Coraolis grinned at Jack. They’d been playing long enough to know when Jack was bluffing. He shook the twenty-sided die in his hand.
“Is the princess still back there?” he asked.
“Yes.”
“Will she still die of a curse if he lives through the night?”
“Yes, if you care about that sort of thing,” Jack scoffed.
“Then I’m going for it.” Coraolis rolled, and his die bounced across the table. Everyone went silent, watching it ricochet off a rulebook then an empty nacho bowl, until it came to a stop in front of Jack’s screen. The number twenty faced up.

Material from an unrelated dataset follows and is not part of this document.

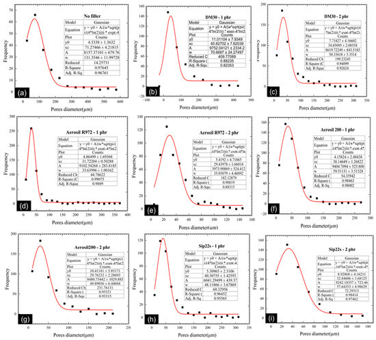 Average pores diameter of silicas (a) without silica, (b) with DM30 at 1 phr, (c) with DM30 at 2 phr, (d) with Aerosil R972 at 1 phr, (e) with Aerosil R972 at 2 phr, (f) with Aerosil 200 at 1 phr, (g) with Aerosil 200 at 2 phr, (h) with Sip22s at 1 phr, and (i) with Sip22s at 2 phr.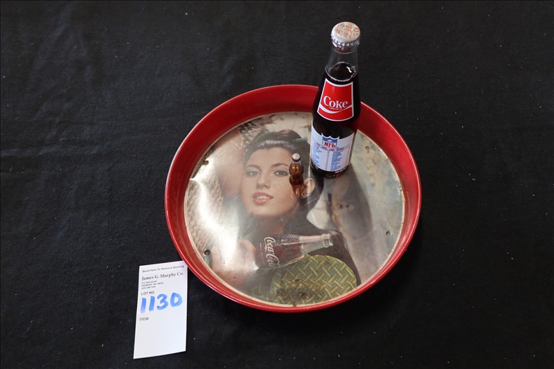 COCA COLA MEXICO TRAY W/BRUNETTE WOMAN, 1984 SUPER BOWL COCA COLA BOTTLE, MINITURE COCA COLA BOTTLE

“Yes! A natural twenty,” Dante said.
Coraolis grinned and grabbed his dice to roll damage. Jack looked at the total and groaned.
“Okay, Hector the Mighty charges straight at the evil dragon. In one mighty blow, he separates its head from its shoulders. There is a bold shout, as if all the gods in existence are cheering your victory. Congratulations, you have saved the kingdom.”
The room erupted in cheers. Dante and Julia high-fived Coraolis in turn. Even Jack was grinning; Dante knew he didn’t really want to kill off their characters. He just liked to present a challenge.
When the celebrations died down, they picked up their drinks and moved to the living room. There was a mess to pick up, but they were still basking in their victory while Jack enjoyed the feeling of a story well told.
“So how much experience was that worth?” Dante asked.
“All the XP. You now have all the XP there is to be had in this world,” Jack teased. “But if you really want to know, I’ll add it up and message you tomorrow.”
“We need to decide what
to do with the loot, anyway,” Julia pointed out. “I guess we’ll have to meet again next week.”
“I’ve got no more epic stories right now. You guys can take your loot and buy castles or start your own temples or something, but I have nothing else for you.”
“What about non-epic adventures? We could jump ahead fifty years and play our own grandchildren,” Coraolis suggested. “That could be fun.”
Jack chuckled and nodded. “Sure, just give me a little time to put something together. Hey, Julia, no electronics at my table please.”
“This is my living room,” she pointed out, but she put her datapad away. “I wanted to see if there was anything new about the negotiations. It looks like our prisoners are being sent back home.”
“Good for them. Honia needs to learn moderation for his junk food consumption and he isn’t going to learn it here,” Coraolis quipped. “Really, I’m not surprised. It’s a relatively small concession, but it’ll help them feel better about the loss.”
“I don’t know. It doesn’t seem like they take failure well,” Dante mused. “I heard Khiann was involved in the negotiations, but I never see her on the broadcasts anymore.”
He hadn’t heard from her since they escaped Hoi, but he hoped she was all right. She’d committed treason in the name of doing the right thing. He couldn’t imagine the bravery it took to do that.
“They don’t trust her to play along with their scheming.” Jack took a long drink of his beer. “She was surprisingly decent.”
“She was,” Dante agreed. “Have we heard anything from the probes?”
“The ones watching the black hole? Nope,” Coraolis shook his head. “It’s been quiet since we chucked in the Pirr artifact.”
“I sure hope a black hole would be enough to destroy it.” Jack shuddered a little. “If they weren’t going to tell us what it did, it was best that no one have it.”
“We couldn’t find out the hard way.” Coraolis draped his arm across the back of the couch, and Julia leaned into his side.
Dante sat back in his chair, feeling content. Thanks to Jack’s determination, Dante was back in the fold, trusted by his friends again. If his smile was a little dopey, he didn’t mind, not even when Cor noticed and called him out on it.